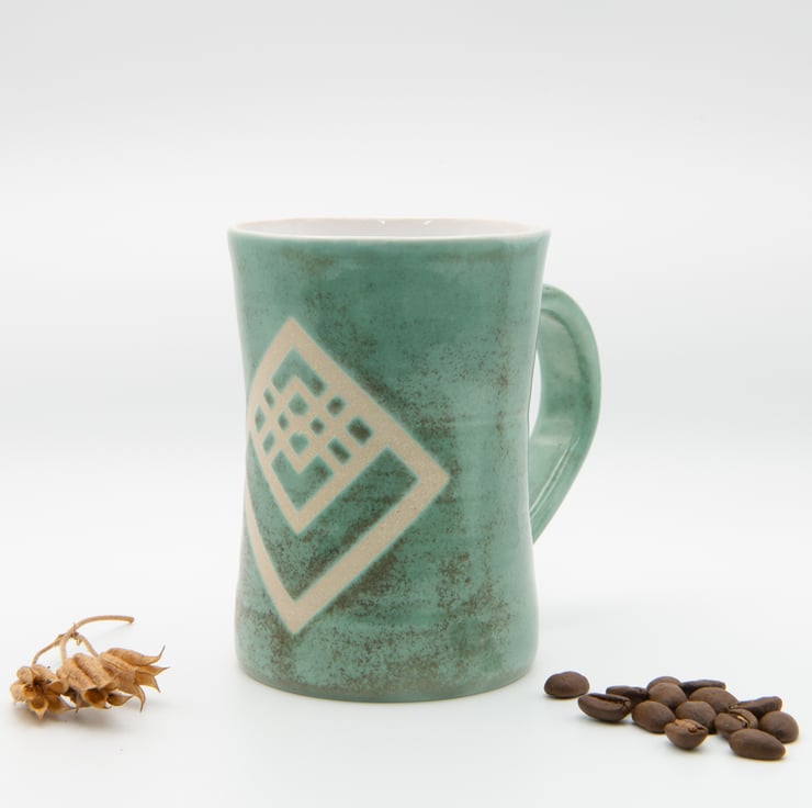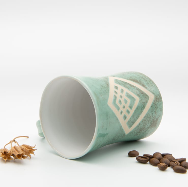 Finished with a white gloss liner, Art Deco Green glaze applied over a vinyl reist art deco design.
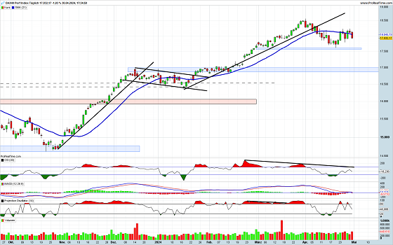 Mit dem Halten an der latenten Unterstützungszone und der dort generierten Intraday-Stimmungswende war die Hoffnung groß, dass der DAX nun einen neuen Angriff auf die jüngsten Topnotierungen startet. Diese wurde mit dem Wochenauftakt zunächst zerschlagen. Die Umsätze am gestrigen Handelstag zogen sichtbar an, was für eine gestiegene Abgabebereitschaft bei den Anlegern spricht. Die Indikatoren haben zum Teil bereits wieder Verkaufssignale generiert. Auch wenn kurzfristig die Unterstützungszone nicht in Gefahr sein sollte, ist der DAX derzeit in einer unsicheren Phase und dürfte in den kommenden Tagen weiter auf der Stelle treten.
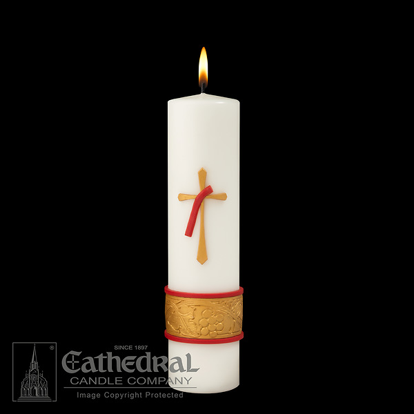 Perfect for small gatherings during formation, a commemorative gift, or as a keepsake for the home. Made of white stearine wax with raised relief wax symbols. 3" x 12" with spike hole end.
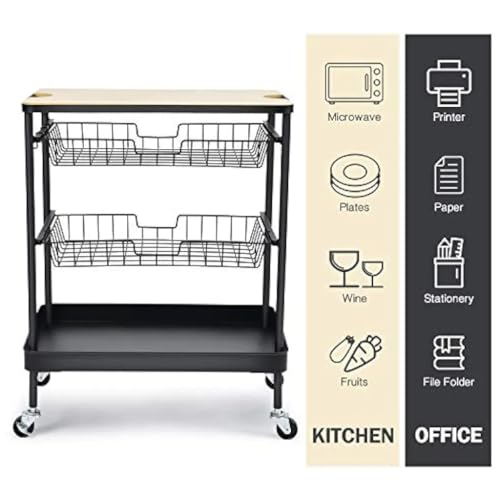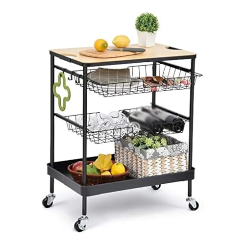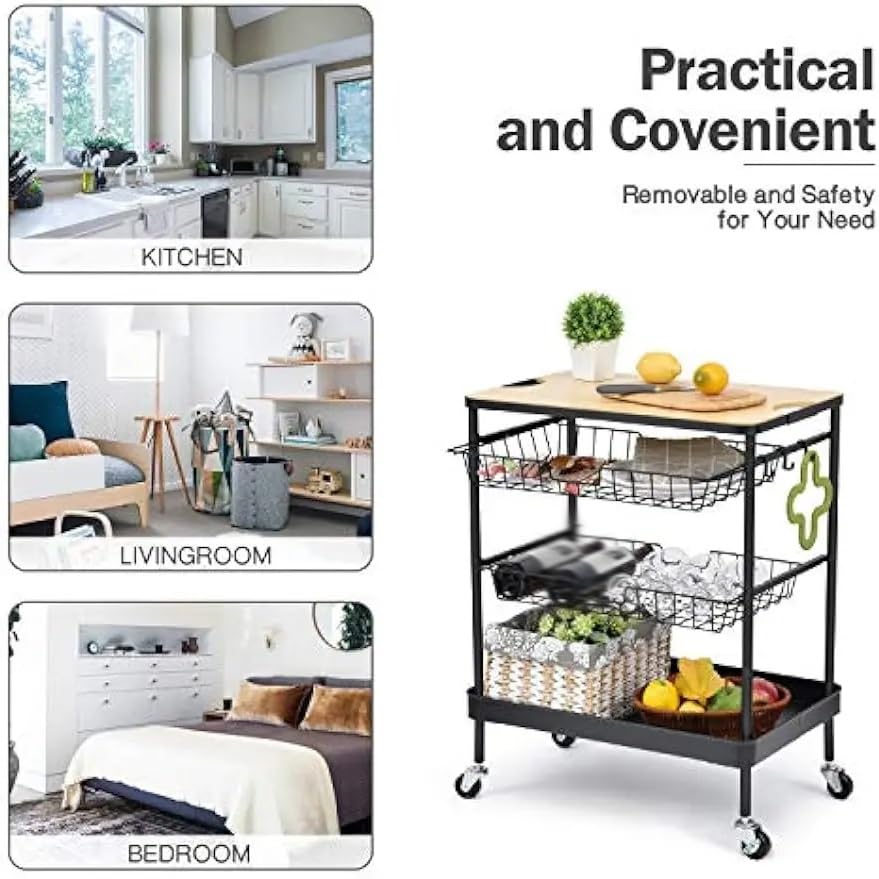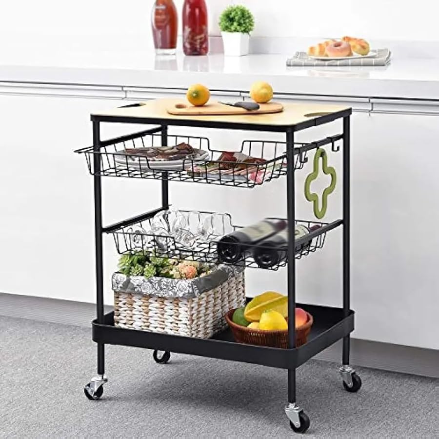 - Featured a wood table and 3-tier storage layers and 3 hooks. The tabletop provides extra counter space for kitchen appliances or cutting board. The 2nd/3rd basket drawers can be pulled out to store.
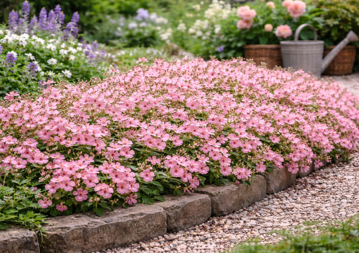 Регулярное удаление увядших цветков помогает сохранить декоративность до поздней осени. Диасция отлично подходит для подвесных корзин, балконных ящиков, бордюров и оформления дорожек, создавая легкое, воздушное настроение в саду и на террасе.
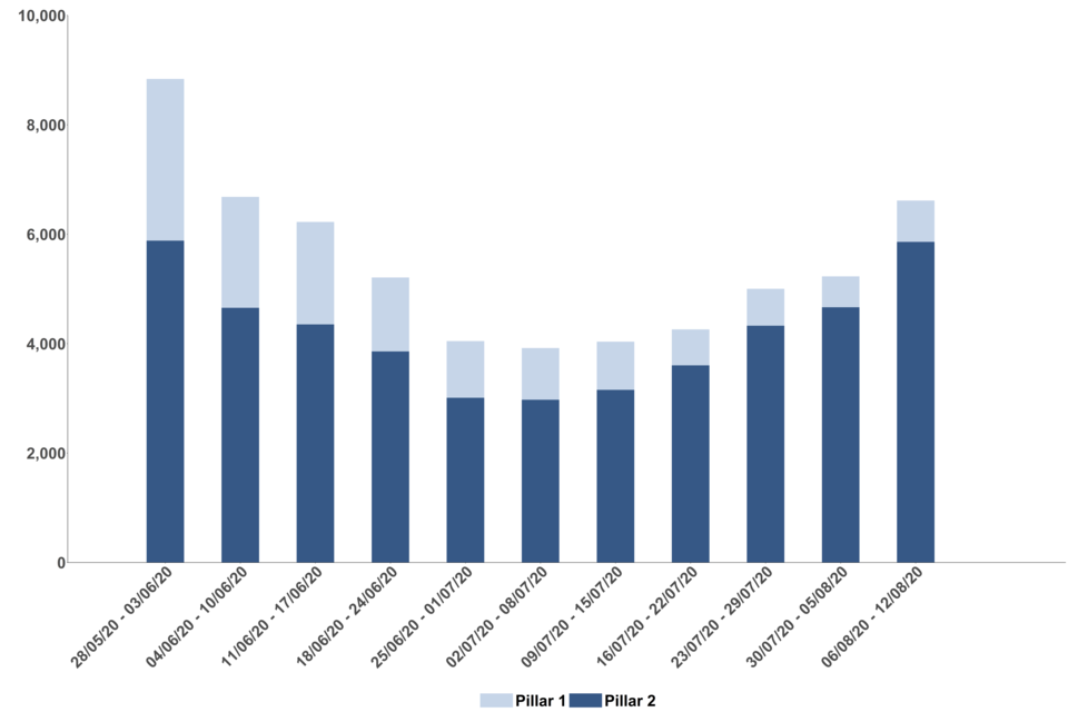 Since Test and Trace launched at the end of May, 3,951,073 people have been tested, of which 66.1% were tested under pillar 2 (national swab testing) and 33.9% under pillar 1 (testing in hospitals and outbreak locations). The number of people tested increased from mid-June to the beginning of August, however this has decreased slightly in the latest week. The number of people tested under pillar 2 has remained similar since the previous week, in comparison to people tested under pillar 1 which has decreased by 5%.
++++
» TASK TO CARRY OUT
Copy only what lies between the line with "- Featured a" and the line with "Регулярное удаление увядших", those two lines included, exactly as given above; pictures stay out.

» REPLY
 - Featured a wood table and 3-tier storage layers and 3 hooks. The tabletop provides extra counter space for kitchen appliances or cutting board. The 2nd/3rd basket drawers can be pulled out to store.
 Регулярное удаление увядших цветков помогает сохранить декоративность до поздней осени. Диасция отлично подходит для подвесных корзин, балконных ящиков, бордюров и оформления дорожек, создавая легкое, воздушное настроение в саду и на террасе.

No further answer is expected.